The traditional tank water heater heats and stores water for home appliances and fixtures.
Fundamentally, a water heater is an appliance that converts energy to heat and transfers that heat to water. It’s connected to a cold water supply pipe and has an outgoing hot water pipe—or system of pipes—that supplies heated water to faucets and appliances.
The majority of water heaters are fueled by natural gas, though propane-fueled and electric water heaters are not unusual. Where natural gas is available, it is a much less expensive energy source than electricity.
A gas-fueled storage water heater heats water by means of a burner beneath the tank. Natural gas (or propane or kerosene, in some cases) is piped to a gas valve.
A thermostat that detects the temperature of water in the tank regulates fuel delivery to the burner, which is ignited by a pilot light or spark ignition.
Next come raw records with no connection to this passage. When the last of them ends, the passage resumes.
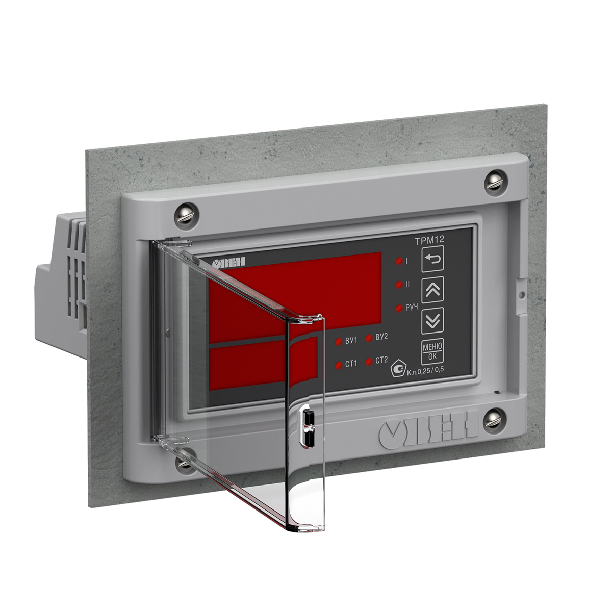 Конструкция рамки содержит прозрачную дверцу, которая может открываться на угол до 100 градусов и фиксироваться в открытом положении. Прозрачная дверца осуществляет дополнительную защиту приборов от внешних механических воздействий, значительно увеличивает срок службы гибко-пленочной клавиатуры прибора. В конструкции рамки имеются встроенные крепежи для установки прибора.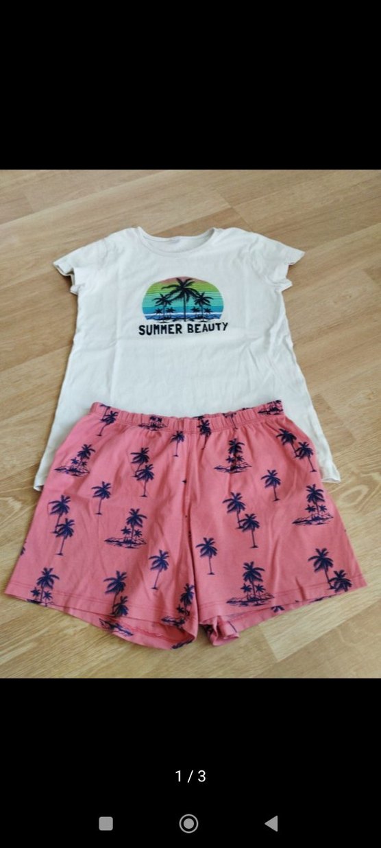 Pembe Desenli Kısa Kollu kız çocuk şortlu takım 11-12 yaş
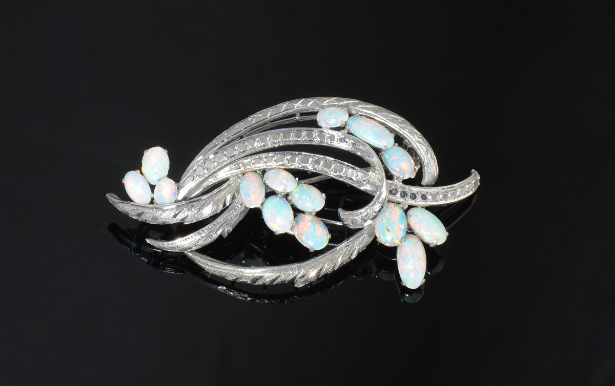 18K OPAL BROOCH: 18K white gold brooch contains fourteen oval cabochon cut opals totaling approx. 2.75 Ct. Approx. Red/orange and blue/green play-of-color. Brightness level - 1.5 The opals are prong set. Approx. 2'' in length. Weight: 8.2 grams.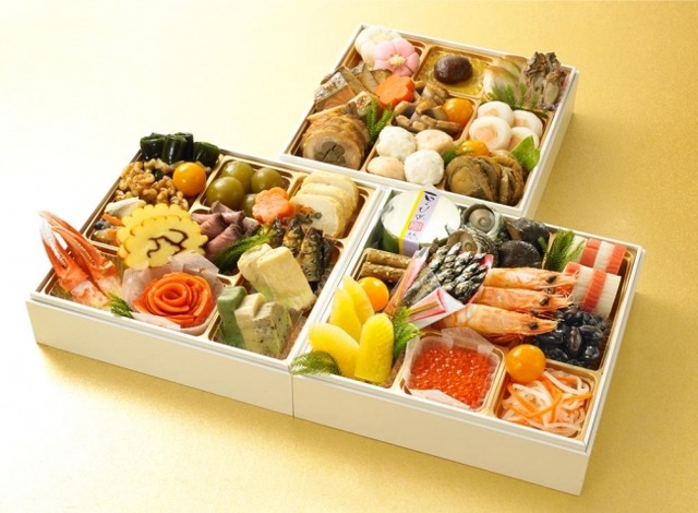 数の子や栗きんとんなど定番品に加えて、国産牛ローストビーフや「つくば鶏」八幡巻、広島産オイスターオリーブ漬などの肉料理や洋風料理、軽くてなめらかな口当たりが好評な国産豆乳レアチーズケーキや九州産金柑シロップ漬、創業160年老舗和菓子屋による、北海道産大手亡豆の生菓子などのデザートや甘味が充実しています。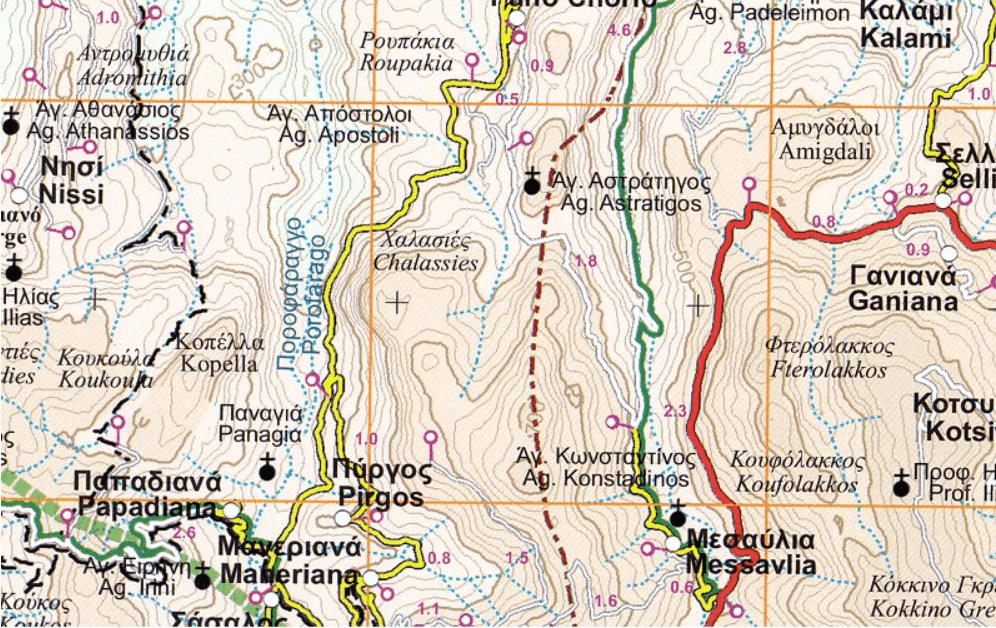 - Wandelkaart 406 Mt. Thriptis, Mt. Orno, Sitia, Zakros - Road Ed.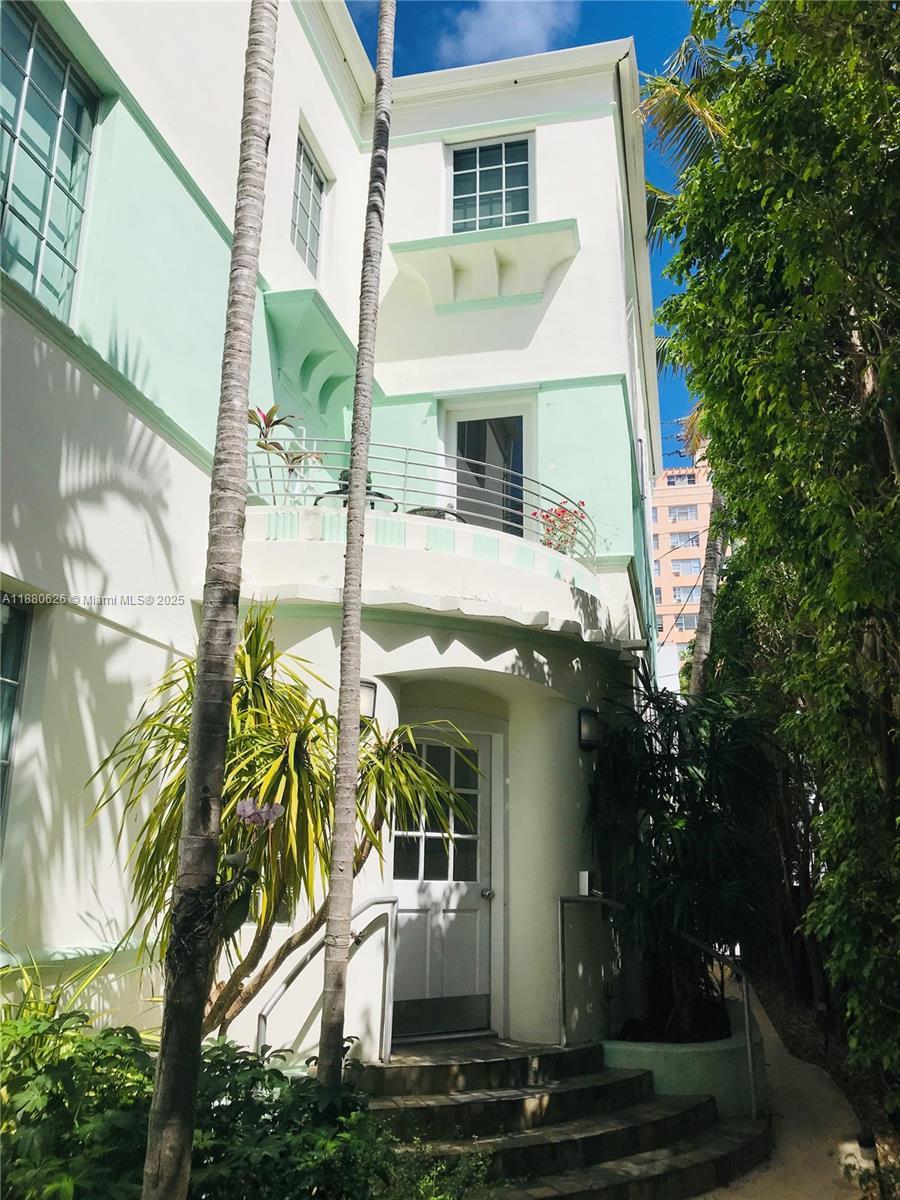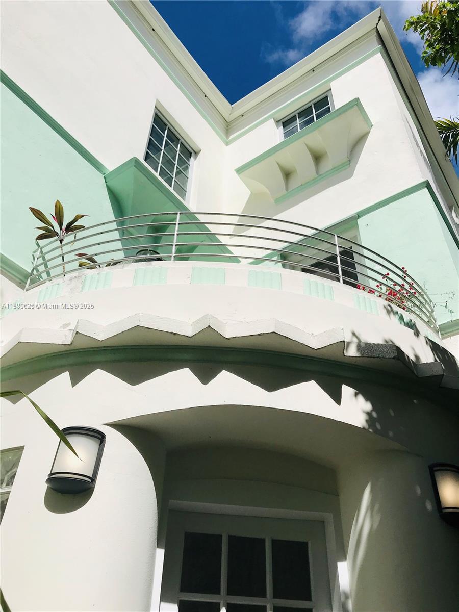 Renovated Top Floor Art Deco apartment with views all the way to South Pointe! Corner apartment has 3 Exposures with large Windows bringing in lots of light! Brand new Bathroom! Art Deco Features include original Fireplace, Archways, Wood Floors, high Ceilings and large Windows (all Hurricane impact). Modern amenities include Open kitchen with Breakfast Bar, poured concrete Counters, Gas Stove, Washer/Dryer and Central AC. Bright and airy Bedroom and Living Room have two windows each! Amazing opportunity to live in a well maintained historic 1936 Henry Hohauser designed building with a Tree lined Common Garden & Sitting area. 3 blocks to the Beach and in the middle of all South Beach has to Offer! Quick approval!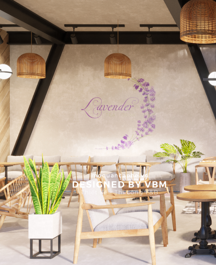 Thiết kế của “Lavender Tea & Drink” mang đậm phong cách nhẹ nhàng và tinh tế, tạo nên không gian thư giãn lý tưởng cho những ai yêu thích sự tĩnh lặng và thanh lịch. Với tông màu chủ đạo là tím lavender kết hợp với trắng kem, không gian quán toát lên vẻ đẹp dịu dàng và thanh thoát, giống như một khu vườn hoa lavender thu nhỏ giữa lòng thành phố.

A vent collects toxic emissions from the burner and pipes them up through the tank, out the top, and normally up through the roof. Some newer, high-efficiency water heaters have fan-assisted vents that can be piped out through a wall.
Because the tank is under pressure, hot water exits through the hot water outlet at the top. When the hot water leaves, cold water enters through a diffuser dip tube that extends down inside the tank. The cold water pipe normally has a shutoff valve. A magnesium or aluminum anode rod utilizes the principle of ionization to minimize the water’s corrosive elements, which can significantly shorten tank life. The larger the anode, the longer a tank is likely to last.
The drain valve at the water heater’s base is used for draining the tank or flushing sediment out of it. This important maintenance step should be done once or twice a year, according to the manufacturer’s recommendation.
A temperature-pressure (TP) relief valve near or on the top of the tank opens automatically if temperature or pressure exceeds safe levels. This valve should be tested at the same time the tank is drained, according to the manufacturer’s instructions.
With an electric water heater, a heavy electrical cable delivers energy to heating elements. An electric water heater doesn’t create combustion gases, so no vent is required. It typically has one 5,500-watt or, for faster heating, two 4,500-watt elements. Separate thermostats control each element, cycling on and off as needed.